I'm using a dsDNA oligo "Insert" I order from IDT w/sticky ends and 5' phos. I set up a double digestion of my vector as follows:
10x Buffer B (Promega)= 4uL
BSA (10ug/uL) = .4uL
Vector (1.9ug/uL) = 1.05uL (2ug)
---mix by pipetting, then (+):
SpeI (10u/uL) = 1uL
HindIII (10u/ul) = 1uL
Tot. Rxn Vol = 40uL
I incubate this at Room Temp for 3hrs then Gel Purify the band after running on agarose gel. I use the GeneClean Glassmilk beads for this. Everything looks good up to this point. My gel has a single band at the right size for digested vector. I've included SpeI only and HindIII only controls for pMIR vector as well as pBMN and both enzymes are digesting.
For my ligation I'm using T4 DNA Ligase with T4 Buffer. I've been using 100ng of vector and have tried Insert:Vector ratios of 1:1, 2:1, 3:1, 4:1, 10:1, 15:1, 20:1, and 30:1. All of these have been in 20uL Rxn volume and conducted at RT for 3hrs (except 1 where I ran it at 4oC overnight).
I use standard tranformation protocol for XL-1 Blue E.coli: Thaw (+) DNA Rxn directly to E.coli--> leave on ice 20min--> heat shock 42oC 90sec--> ice for 1 min --> (+)300uL LB and shake for 45min @ 37oC then streak on Amp plates and grow up overnight @ 37oC.
I've included positive ctrl of pMIR-REPORT-luc with NO digestion and get tons of colonies.

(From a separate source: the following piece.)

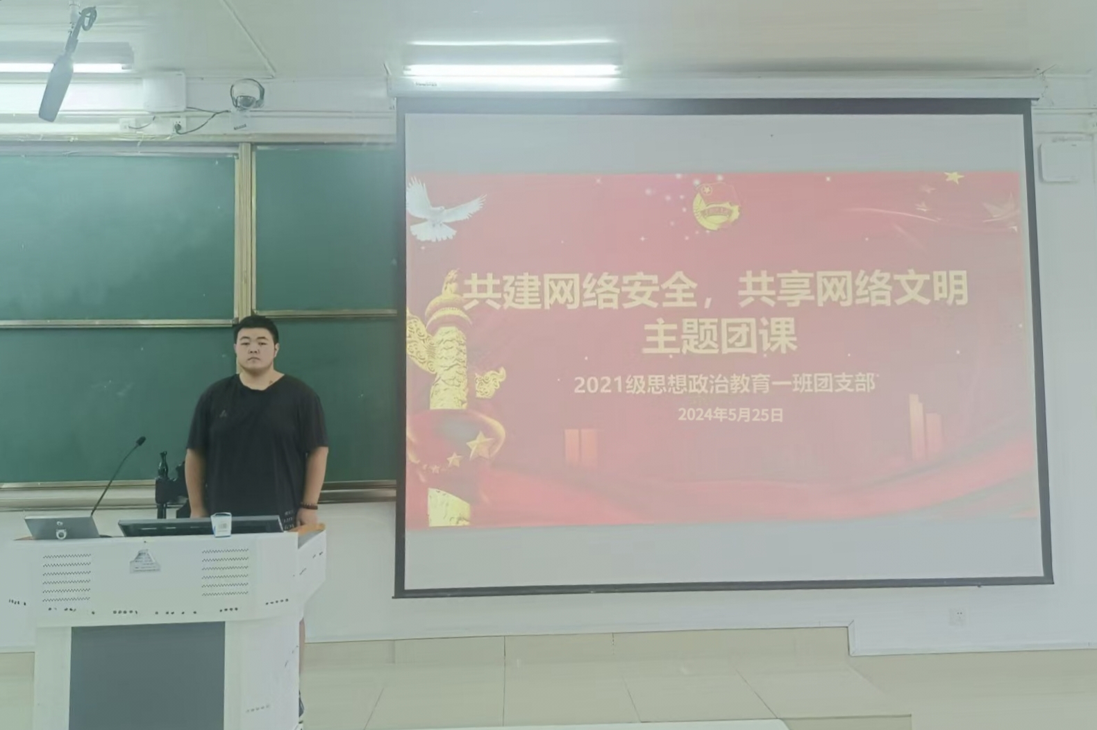 为进一步增强学生的网络安全意识,提升学生明辨是非的能力,5月25日上午,beat365在线唯一官网2021级思想政治教育一班在社科楼514教室召开“共建网络安全,共享网络文明”主题团课。2021级思想政治教育一班全体团员参加此次。团课由团支书戴翰林主持。

I've done neg control of double digested vector (-) insert and I get zero colonies. I've included a BlpI restriction site in my insert (there's not one in the rest of the vector) for a diagnostic digest. The few times I've gotten colonies (every time its been in 4:1 and/or 10:1 Rxn) the BlpI digestion of a mini-boiling prep does not give me the right band size. Typically I've been getting two bands: one around the right size and one about 3kb smaller.
I have NO idea what's going on. This should NOT be this complicated. ANY thoughts would be appreciated.
Edited by abyrd98, 21 September 2009 - 10:59 AM.